--- Task description ---
Copy the lines below exactly, starting at the one with "Жіночий светр оверсайз" and ending at the one with "În wok, am pus", and leave out any picture.

--- Data ---
# # # # #
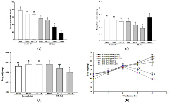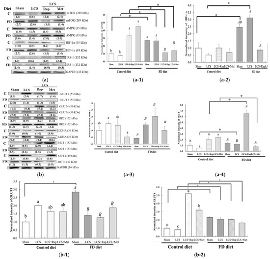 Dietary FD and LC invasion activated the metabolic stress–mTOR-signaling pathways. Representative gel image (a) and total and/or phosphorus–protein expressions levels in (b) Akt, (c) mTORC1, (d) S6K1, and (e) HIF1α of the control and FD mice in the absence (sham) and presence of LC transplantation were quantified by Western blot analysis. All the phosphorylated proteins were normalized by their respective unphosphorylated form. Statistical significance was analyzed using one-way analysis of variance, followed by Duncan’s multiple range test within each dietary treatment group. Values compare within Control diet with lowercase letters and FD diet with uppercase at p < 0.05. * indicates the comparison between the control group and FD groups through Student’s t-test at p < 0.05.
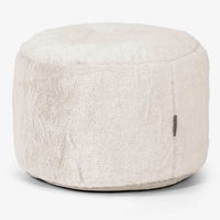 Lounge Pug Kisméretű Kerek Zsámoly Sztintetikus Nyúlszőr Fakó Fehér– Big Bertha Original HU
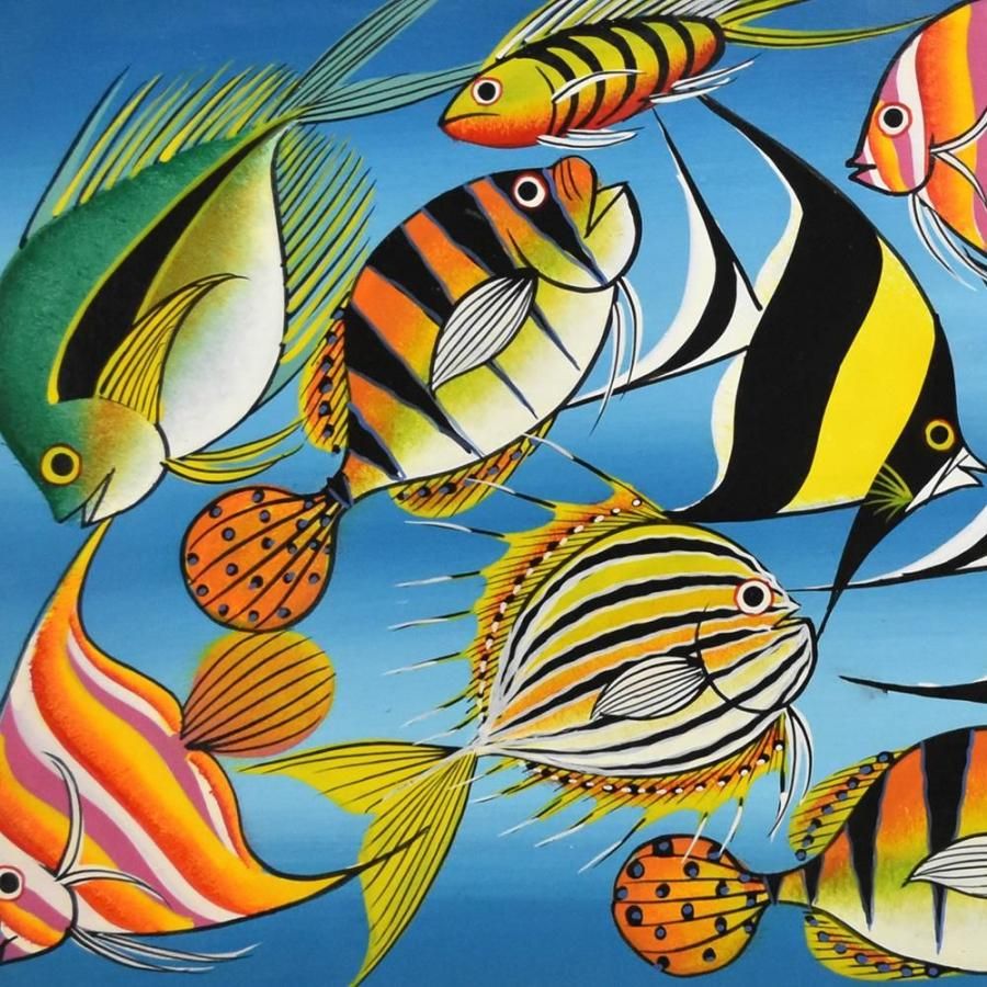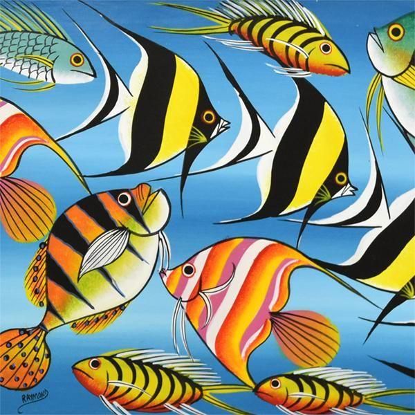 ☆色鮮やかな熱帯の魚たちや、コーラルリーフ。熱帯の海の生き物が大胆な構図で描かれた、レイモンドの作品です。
# # # # #
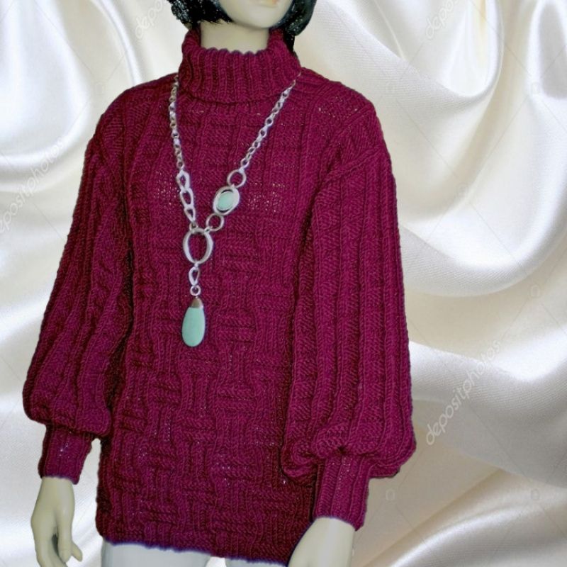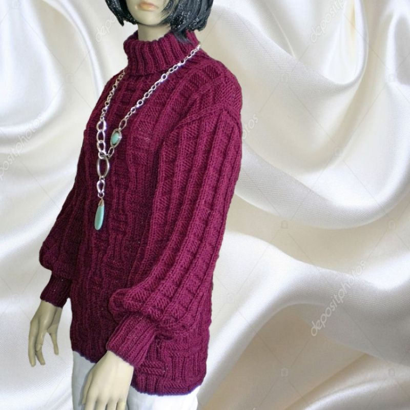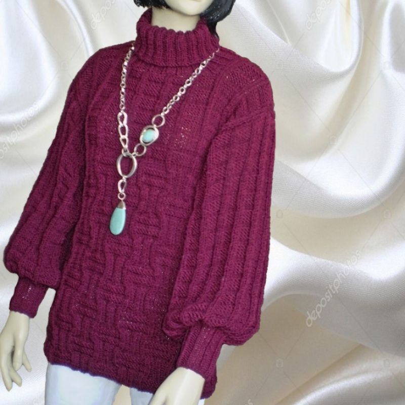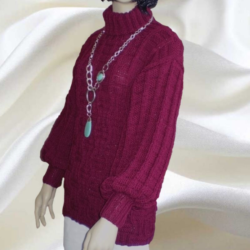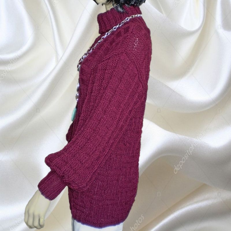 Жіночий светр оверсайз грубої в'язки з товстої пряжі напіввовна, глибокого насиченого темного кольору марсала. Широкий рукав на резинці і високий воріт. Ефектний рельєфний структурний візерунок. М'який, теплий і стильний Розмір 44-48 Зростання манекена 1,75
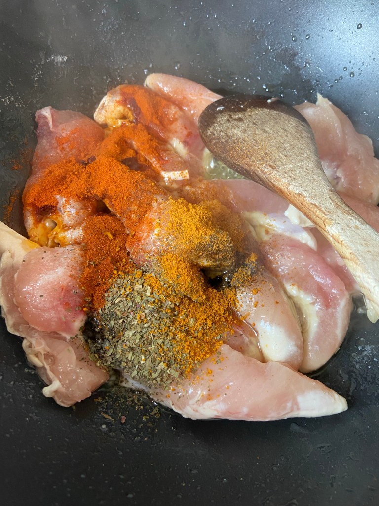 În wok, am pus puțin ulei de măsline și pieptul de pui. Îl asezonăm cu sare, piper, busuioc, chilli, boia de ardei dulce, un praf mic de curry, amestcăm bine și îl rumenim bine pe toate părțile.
# # # # #
--- Solution ---
 Жіночий светр оверсайз грубої в'язки з товстої пряжі напіввовна, глибокого насиченого темного кольору марсала. Широкий рукав на резинці і високий воріт. Ефектний рельєфний структурний візерунок. М'який, теплий і стильний Розмір 44-48 Зростання манекена 1,75
 În wok, am pus puțin ulei de măsline și pieptul de pui. Îl asezonăm cu sare, piper, busuioc, chilli, boia de ardei dulce, un praf mic de curry, amestcăm bine și îl rumenim bine pe toate părțile.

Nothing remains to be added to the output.